你那只眼睛看见我是来上香求佛的?哪只眼睛看见我往里挤的?我分明是被挤进来的!
这种话,当着这么多香客僧人的面,还是不说的好。
冯七郎好面子,受不住周遭一众鄙夷的目光,心中气愤不已,伸手到腰间,想要摸挂在腰间的钱袋,“谁说我不捐香油钱的?”
他喝了那大嫂一声。
大嫂瞪眼盯着他。
冯七郎却一摸一个空!腰间的钱袋不见了!
钱呢?
早就听闻说赶庙会的时候有小贼,趁着人多偷钱袋。
怎么佛祖面前也有小贼这般猖狂?他日常骑马出行,从不料想这种事情也会发生在自己身上。且是在如此关键的时刻!
“你倒是捐呀?”那大嫂好事儿,一直盯着他。
“我钱袋被偷了!”冯七郎瓮声说道。
大嫂嘁了一声,满脸不屑,“抠唆!白瞎了一张好看的脸!”
冯七郎何时被人这般说过,当即怒的不行,横眉冷对那大嫂,“你敢再说一遍?!”
大嫂伸手将早已准备好的两贯钱放进功德箱,从小僧人手中接过香来,看着他道:“呀,这是恼羞成怒,要打人了么?小师傅你看!”
那小僧人已对冯七郎不满,跟这儿耽误半天,一分的香油钱也没捐,还挡着后头众多的香客!
小僧人把手一挥,身后立即站出两个武僧,架着冯七郎就向外扔去。
香客们一见武僧逐人,纷纷避让。
冯七郎被武僧喝骂一番,推搡到一旁。
周遭游人香客,纷纷朝他望来,指指点点,嘲笑不断。
冯七郎何时受过这般屈辱?又羞又恼,气的几欲吐血。
他黑着脸,咬牙切齿。

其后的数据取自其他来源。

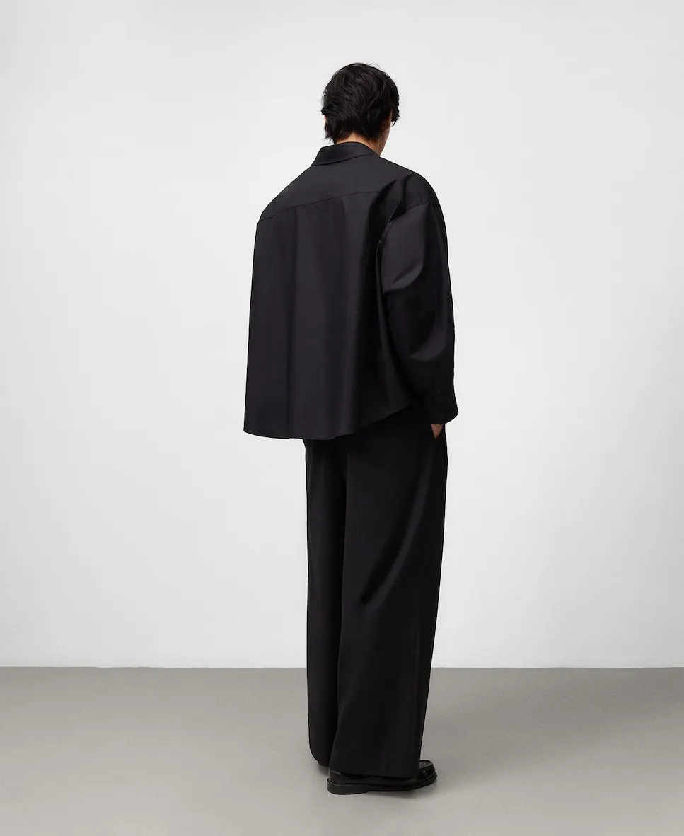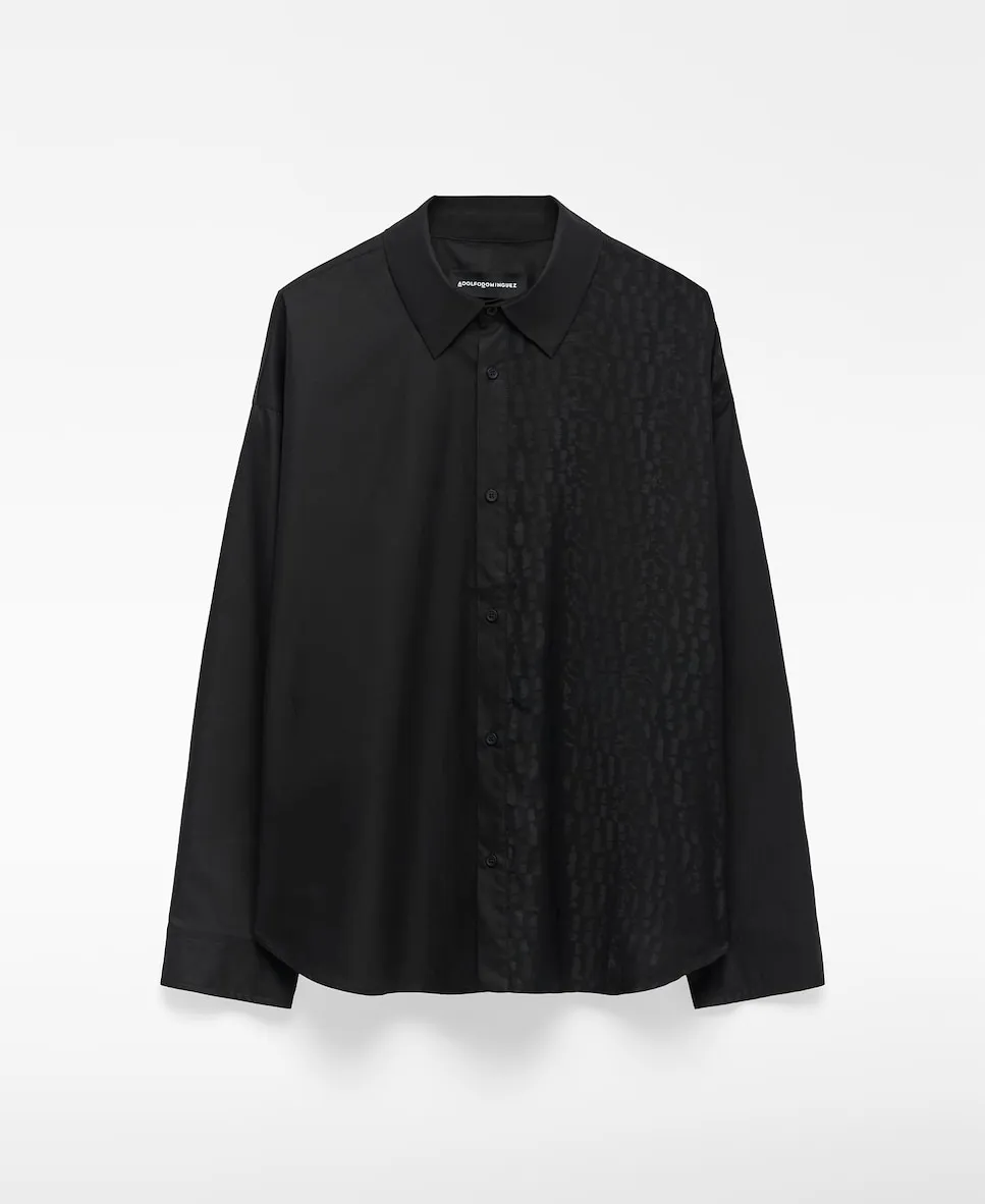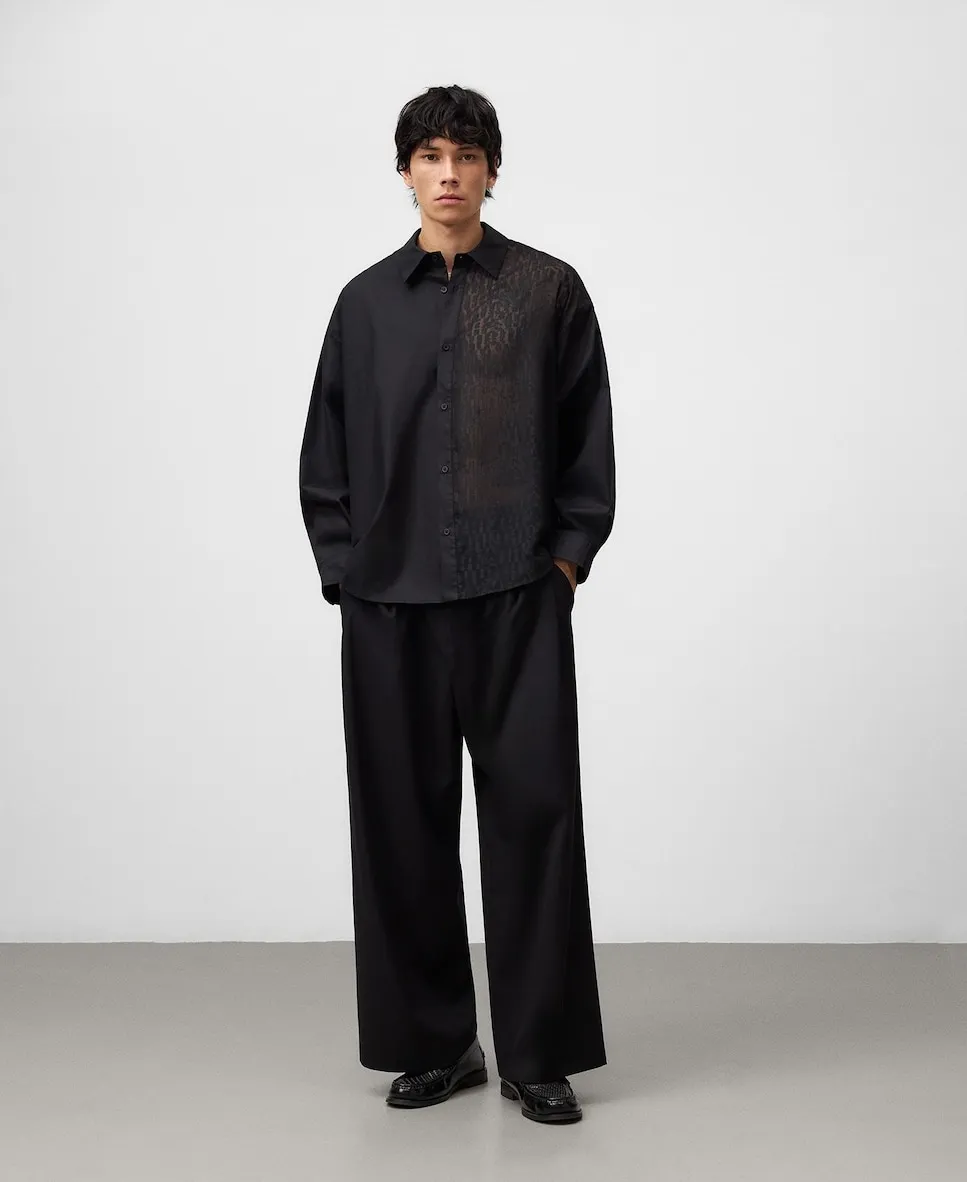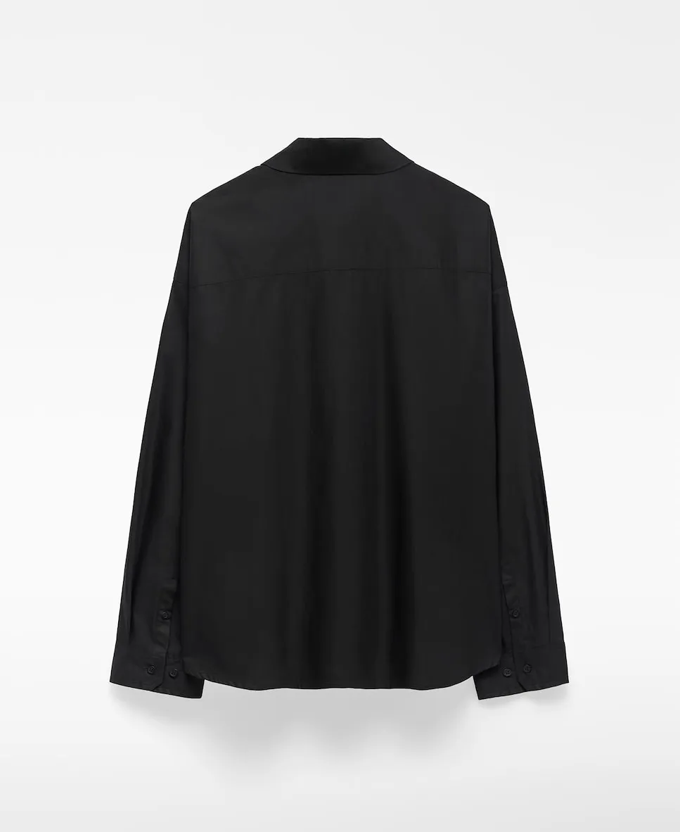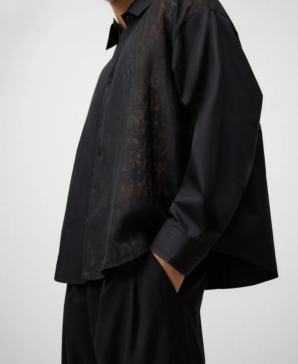 Хлопковая рубашка оверсайз с отделкой devoré на передней левой стороне. Рубашка с длинными рукавами, отложным воротником, застежкой на пуговицы спереди и кокеткой на спинке. Размер больше обычного.

但总算脱离了人群,他弹了弹衣襟,四下寻找沈昕娘和齐王的踪迹。
让他找到沈昕娘,他,他一定要她好看!
☆、第29章 吃人嘴短
沈昕娘立在一座洁白的拱桥之上,拿着一根长长的柳枝,信手逗着放生池中游来游去肥硕的大鱼。
“这么久了,也不知王爷他们谈的怎么样了?”丹心低声问道。
沈昕娘抬手扔下柳枝,拍了拍手道:“应该差不多了,咱们回去吧。”
丹心立即扶了沈昕娘往回走。
这边院落全然感觉不到草堂寺的熙熙攘攘人声鼎沸,仍旧保持着一个寺院当有的宁静清幽。
信步走于青石路上,竹叶在道旁随微风沙沙作响,别有情调。
只怕冯七郎若是看到此情此景,看到沈昕娘脸上的怡然表情,更是要气的鼻孔冒火了。
主仆二人回到先前做饭的院子。
王爷的随从看清俩人,并未相拦,退守一旁。
沈昕娘迈步入内,却见齐王同陆先生仍旧对面而坐。
食案上的饭菜都见了盘底,两人却还在争执着什么。
沈昕娘停住脚步,侧耳听了片刻。
丹心以为她还要离开避讳之时,却见沈昕娘已经走上前去。
“冒昧打搅,听得陆先生的意思,并不反对入宫为帝师,也愿功于千秋万代。但更不愿失信与天下学子,原本已经言明要在草堂寺授课,如今临时反悔,实在是食言。”沈昕娘跪坐食案另一旁,淡声说道。
齐王回看她一眼。
陆淳见到是做这美味佳肴的女子,原本不悦的脸色便缓和下来,态度也温和道:“正是。”
“若有两全的办法呢?”沈昕娘忽而说道。